— Given information —
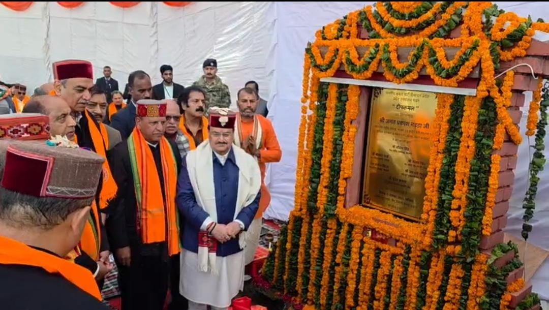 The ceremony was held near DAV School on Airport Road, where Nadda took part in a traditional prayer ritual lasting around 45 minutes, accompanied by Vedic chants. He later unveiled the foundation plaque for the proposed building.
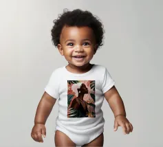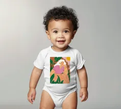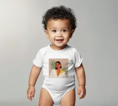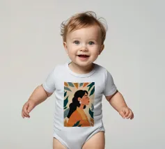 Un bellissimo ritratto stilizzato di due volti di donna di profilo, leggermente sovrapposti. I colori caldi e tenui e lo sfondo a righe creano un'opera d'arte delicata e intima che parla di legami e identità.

---

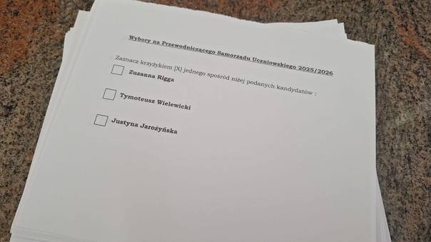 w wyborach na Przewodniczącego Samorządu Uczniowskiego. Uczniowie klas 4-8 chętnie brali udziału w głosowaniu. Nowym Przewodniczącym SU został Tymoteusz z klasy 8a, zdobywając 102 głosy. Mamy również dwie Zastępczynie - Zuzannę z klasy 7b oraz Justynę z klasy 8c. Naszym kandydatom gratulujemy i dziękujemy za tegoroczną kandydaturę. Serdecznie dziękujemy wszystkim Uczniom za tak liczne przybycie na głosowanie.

— Task requirements —
The lines above from the line with "The ceremony was" through the line with "Un bellissimo ritratto" are to be given again word for word, with no pictures among them.

— Output for this task —
 The ceremony was held near DAV School on Airport Road, where Nadda took part in a traditional prayer ritual lasting around 45 minutes, accompanied by Vedic chants. He later unveiled the foundation plaque for the proposed building.
 Un bellissimo ritratto stilizzato di due volti di donna di profilo, leggermente sovrapposti. I colori caldi e tenui e lo sfondo a righe creano un'opera d'arte delicata e intima che parla di legami e identità.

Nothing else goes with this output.